The iconic American restaurant chain McDonald’s looks like it is preparing to make a move into the Metaverse by registering for 10 trademarks in the virtual space.

Trademark attorney and founder of Gerben Intellectual Property Josh Gerben tweeted today that McDonald’s submitted a trademark application on Feb. 4 including plans for “a virtual restaurant featuring actual and virtual goods” and “operating a virtual restaurant featuring home delivery.”

Based on the application, the restaurant chain will be able to provide “downloadable multimedia files” for artwork, audio and video files, and nonfungible tokens (NFT).

McDonald’s also included its McCafe brand in the Metaverse trademark application. The brand would be ready to offer entertainment services “namely, providing on-line actual and virtual concerts and other virtual events.” Could McCafe become the new branded virtual destination to catch a sponsored concert from one of your favorite acts?

McDonald’s would be competing against other emerging virtual concert organizers like Animal Concerts. Such concerts eliminate geographical barriers that have prevented fans from seeing their favorite acts perform, and also vastly reduce the cost of touring.

The golden arches joins bakery and cafe chain Panera Bread in efforts to move its brand into the Metaverse.

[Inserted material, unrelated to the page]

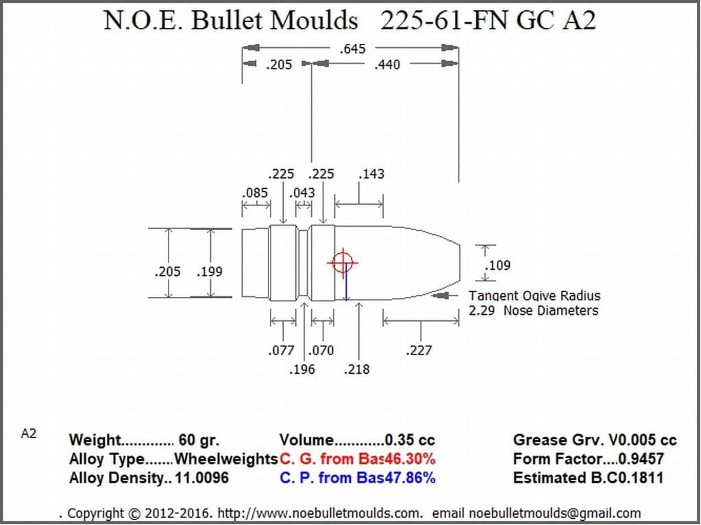 225-61-FN-A2 5 cavity GC Brass RCBS 22-055 FN
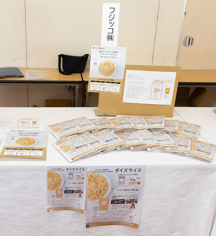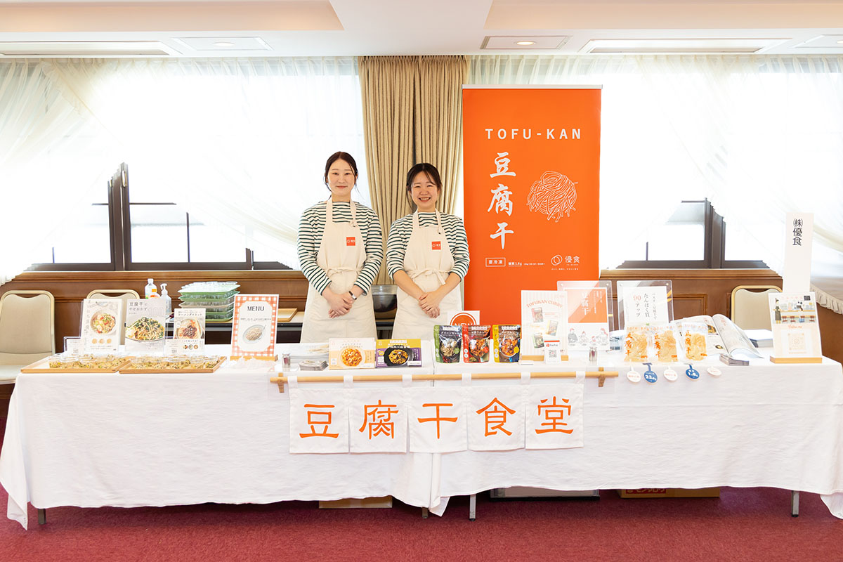 中華圏の伝統食品である豆腐干は、豆腐に圧力をかけて水分を抜き、乾燥させたもの。和洋中エスニック、どんな料理にも使いやすい、いま注目のヘルシー食材です。試食には「豆腐干とひじきとごぼうのデリ風サラダ」が提供され、来場者からは「もちっとした独特の食感がいい」「どうやって使うの?」といった声も聞かれ、関心の高さがうかがえました。

Panera Bread submitted a similar trademark application on Feb. 3 for a virtual restaurant and cafe chain called PANERAVERSE.

Its plans also include downloadable content and NFTs, virtual food and beverage items, and the virtual facilities where users can congregate.

Related: Music in the Metaverse creates social and immersive experiences for users

Gerben told Forbes on Feb. 9, “I think you’re going to see every brand that you can think of make these filings within the next 12 months,” adding:

“I don’t think anyone wants to be the next Blockbuster and just completely ignore a new technology that’s coming.”

The average time for the US Patent and Trademark Office to review an application for a trademark is about nine and a half months, but Gerben believes that neither McDonald’s nor Panera Bread will have any trouble gaining approval for their trademarks.